Source : L’Antéchrist à l’âge classique, summulae, exégèse et politique par Jean-Robert Armogathe, éditions Mille et Une Nuits, collection Les Quarante piliers, dirigée par Pierre Legendre, relecture dix ans après.

Les lectures modernes de l’Apocalypse nous situent à la racine d’une vision nouvelle de l’histoire et de la politique, tout à la fois aux origines de l’État moderne et d’une vision rationnelle de la scienza nuova. Dans le contexte de la controverse religieuse, on assiste, au début du dix-septième siècle, à l’extinction des sens multiples de l’Écriture connus au Moyen Âge.

Les interprétations critiques vont se vouloir littérales et vont chasser le sens symbolique et le sens axiologique. L’affirmation de l’autorité de l’Écriture va conduire à en attendre un sens littéral, unique, exigence que jamais l’Église n’avait posée. Un commentateur dominicain, Jérôme Vielme (Vielmio), auteur d’un De sex diebus conditi orbis, rappelle que le commentaire de la Genèse donné par son illustre confrère le cardinal Cajetan est beaucoup plus littéral que le commentaire ad litteram de Saint Augustin. Les nécessités de la controverse entre catholiques et protestants imposent un littéralisme de l’interprétation totalement inédit dans la tradition.

Il s’agit là d’un double retournement, dans les sciences comme dans la connaissance des Écritures : le texte doit coïncider avec son interprétation tandis que, en même temps, l’interprétation doit se conformer au dogme et aux traditions.
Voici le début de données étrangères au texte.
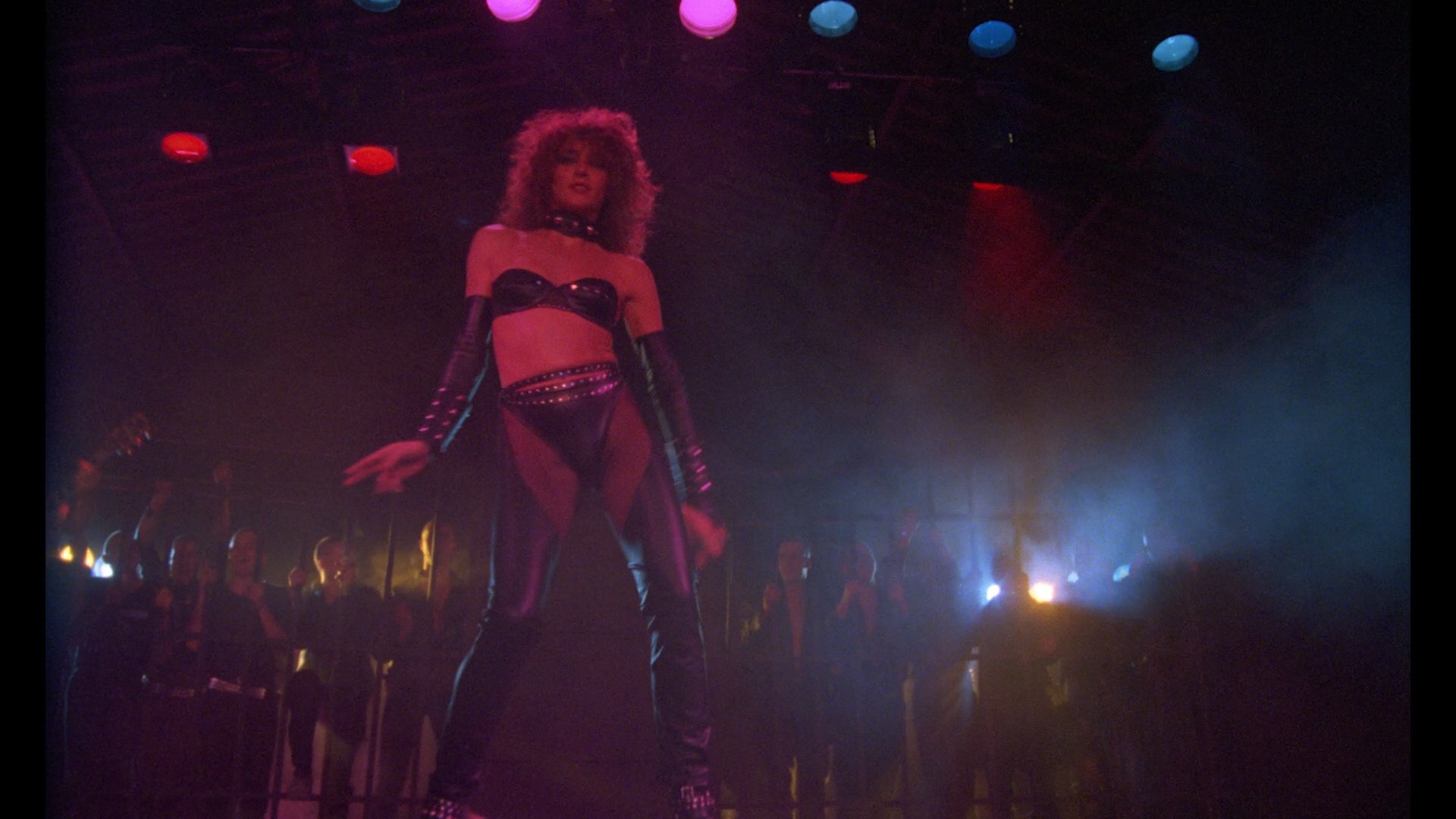 Finally on disc ten we reach the end of the line for "S"-classified films with one of the last to carry that designation, 1984's Poppers, which at least on paper sounds like one of the greatest movies ever made. PoppersThe fact that it features Euro schlock god Eric Falk (who never appears in the film) wielding a serrated knife on the Cruising-style poster also promises transgressive shocks in store, but this was undeniably a product of the MTV era with a stronger focus on pop music, loud clothing, and crazy hair. That's all great fun of course, but keep your expectations in check here. (Nobody does poppers in the film either, for the record.) After a rough night at a club that ended up in manslaughter, band singer Santos (Ortiz) returns to the fold only to find out that the dead boy's father and his corrupt, upper crust buddies (including The Bell from Hell's Mayo, a nice bit of bookending here) have a nefarious plan in store. To say more would spoil the fun, but the fact Poppersthat the rich guys hang around a manor where a horse gives live birth on the floor should give you an idea that things aren't going to be pretty. Double crosses and a revenge plot come into play with Santos' club pals, but none of that interferes with the music performances including a crazy S&M dance number you have to see to believe.

Double mouvement, comme en ciseaux : littéralisme de l’interprétation et conformité orthodoxe, orthonomique, des textes au besoin des preuves scripturaires que le dogme réclame. On a tout à la fois exigé des Écritures qu’elles fondent les dogmes et attendu une lecture littérale de ces mêmes textes. Le débat, autour de l’Apocalypse, est alors particulièrement tendu : comment tenir tout à la fois une interprétation et une lecture dogmatique dans un texte dont nous savons maintenant (mais on commençait déjà à s’en douter) à quel genre littéraire très particulier il appartient ?

L’interprétation historique reste lacunaire, l’interprétation mystique devient dangereuse.